Error Handling Patterns for AI-Generated Code

AI swallows errors, catches too broadly, and logs nothing useful. Rules for structured errors, proper catch scopes, error boundaries, and operational error handling.

8 min read·July 9, 2024

catch (err) { console.error(err); return null; } — the most dangerous AI pattern

Typed errors, narrow catches, error boundaries, retry patterns, and structured logging

How AI Handles Errors (And Why Every Pattern Is Wrong)

AI generates three error handling anti-patterns consistently: catch-all (catching Exception or Error and swallowing it), log-and-continue (catching, logging console.error, and returning a default value as if nothing happened), and no-handling (no try/catch at all — unhandled errors crash the process). All three produce code that silently corrupts state, loses error context, or crashes unpredictably.

Good error handling is nuanced: some errors should crash the process (programmer bugs — assertion failures, type errors), some should be caught and retried (transient failures — network timeouts, database deadlocks), some should be caught and returned to the user (validation errors, not-found), and some should be caught and logged for ops (unexpected server errors). AI treats all errors the same — either ignoring them or catching everything.

These rules define which errors to catch, how to catch them, what to do with them, and how to communicate them. They apply to any language — the patterns are universal, though the syntax varies.

Rule 1: Typed Error Hierarchies

The rule: 'Define a custom error hierarchy for your application. Base: AppError with message, code, statusCode. Subclasses: ValidationError (400, field-level errors), NotFoundError (404, resource type + ID), AuthenticationError (401), AuthorizationError (403), ConflictError (409), InternalError (500, wraps unexpected errors). Throw specific types — catch specific types. Never throw generic Error or string.'

For the base class: 'class AppError extends Error { constructor(public message: string, public statusCode: number, public code: string) { super(message); this.name = this.constructor.name; } }. Subclasses add domain-specific data: class ValidationError extends AppError { constructor(public fields: Record<string, string>) { super("Validation failed", 400, "VALIDATION_ERROR"); } }.'

AI throws new Error("Something went wrong") — generic, untyped, and useless for programmatic handling. Typed errors let catch blocks handle different cases differently: catch ValidationError → return 400 with field errors. catch NotFoundError → return 404. catch unknown → log + return 500.
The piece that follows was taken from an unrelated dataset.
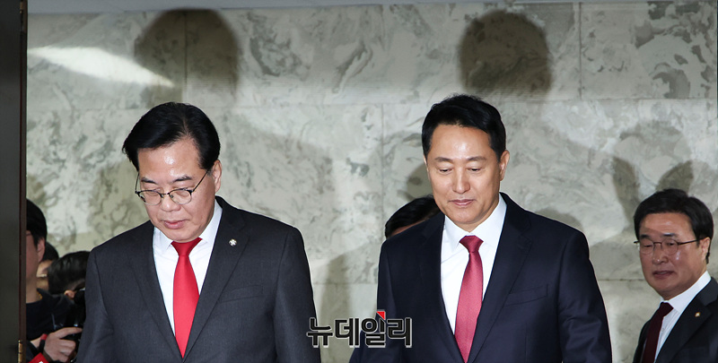 송언석 국민의힘 원내대표와 오세훈 서울시장이 2일 오전 서울 여의도 국회에서 열린 국민의힘-서울특별시 부동산정책협의회에 참석하고 있다.

  • AppError base: message, statusCode, code — extends native Error
  • ValidationError: 400, field-level errors — catch and return to user
  • NotFoundError: 404, resource type + ID — catch and return to user
  • AuthError: 401/403 — catch and redirect/deny
  • InternalError: 500, wraps unexpected — catch, log details, return generic message
ℹ️ Typed Errors = Programmatic Handling

throw new Error('Something went wrong') is useless for catch blocks. throw new NotFoundError('User', id) lets the handler return 404 with context. Typed errors enable different handling for different cases.

Rule 2: Narrow Catch Scopes — Never Catch Everything

The rule: 'Catch specific error types, not generic Error or Exception. try { ... } catch (err) { if (err instanceof ValidationError) { return res.status(400).json(err.fields); } if (err instanceof NotFoundError) { return res.status(404).json({ message: err.message }); } throw err; // Re-throw unexpected errors — dont swallow them }. Unexpected errors propagate to the global error handler — they are NOT silently caught.'

For the golden rule: 'If you catch it, you must handle it meaningfully. Meaningful handling is: returning an appropriate response to the user, retrying the operation, or logging and re-throwing. console.error(err) by itself is NOT meaningful handling — you have logged the error but the caller still gets a broken response or no response. Log + return error response = meaningful. Log alone = silent failure.'

AI generates catch (err) { console.error(err); return null; } — the error is logged but the caller receives null instead of a meaningful error response. Every consumer of this function now has an unexpected null to handle. The error cascades as a different, harder-to-debug problem.

⚠️ Log Alone = Silent Failure

console.error(err) logs the error but the caller receives null or undefined. The error cascades as a different, harder-to-debug problem. Log + return error response = meaningful handling. Log alone = silent failure.

Rule 3: Error Boundaries at Architecture Layers

The rule: 'Place error boundaries at architectural layers: HTTP handler boundary (catches all errors from the service layer, maps to HTTP responses), service boundary (catches database/external errors, wraps in domain errors), and UI boundary (React ErrorBoundary or framework equivalent, shows fallback UI). Each boundary catches errors from the layer below and translates them for the layer above.'

For the HTTP boundary: 'A centralized error handler middleware: app.use((err, req, res, next) => { if (err instanceof AppError) { return res.status(err.statusCode).json({ error: { message: err.message, code: err.code } }); } logger.error({ err, requestId: req.id }); return res.status(500).json({ error: { message: "Internal server error", code: "INTERNAL" } }); }). One place for all error-to-response mapping.'

For the UI boundary: 'React ErrorBoundary catches render errors — shows a fallback UI instead of a white screen. Place at: app root (catches everything), feature sections (isolates failures), and individual components (for unreliable third-party widgets). Each boundary logs the error and displays an appropriate fallback.'

Rule 4: Retry Patterns for Transient Failures

The rule: 'Retry transient errors (network timeout, database deadlock, rate limit 429) with exponential backoff: wait 1s, 2s, 4s, 8s between retries. Maximum 3-5 retries. Never retry: validation errors (they will fail again), auth errors (credentials are wrong), not-found (the resource does not exist). Implement with a retry helper: async function withRetry<T>(fn: () => Promise<T>, maxRetries: number = 3): Promise<T>.'

For classification: 'Transient (retry): ECONNRESET, ETIMEDOUT, HTTP 429, HTTP 503, database deadlock, DNS ENOTFOUND (temporary). Permanent (do not retry): HTTP 400, 401, 403, 404, 409, validation errors, type errors, assertion failures. If unsure, do not retry — retrying a permanent error wastes resources and delays the error response.'

AI retries everything or retries nothing. The classification is the key: transient errors (external system temporarily unavailable) should be retried. Permanent errors (your request is wrong) should not. One retry helper with a classification function handles both cases correctly.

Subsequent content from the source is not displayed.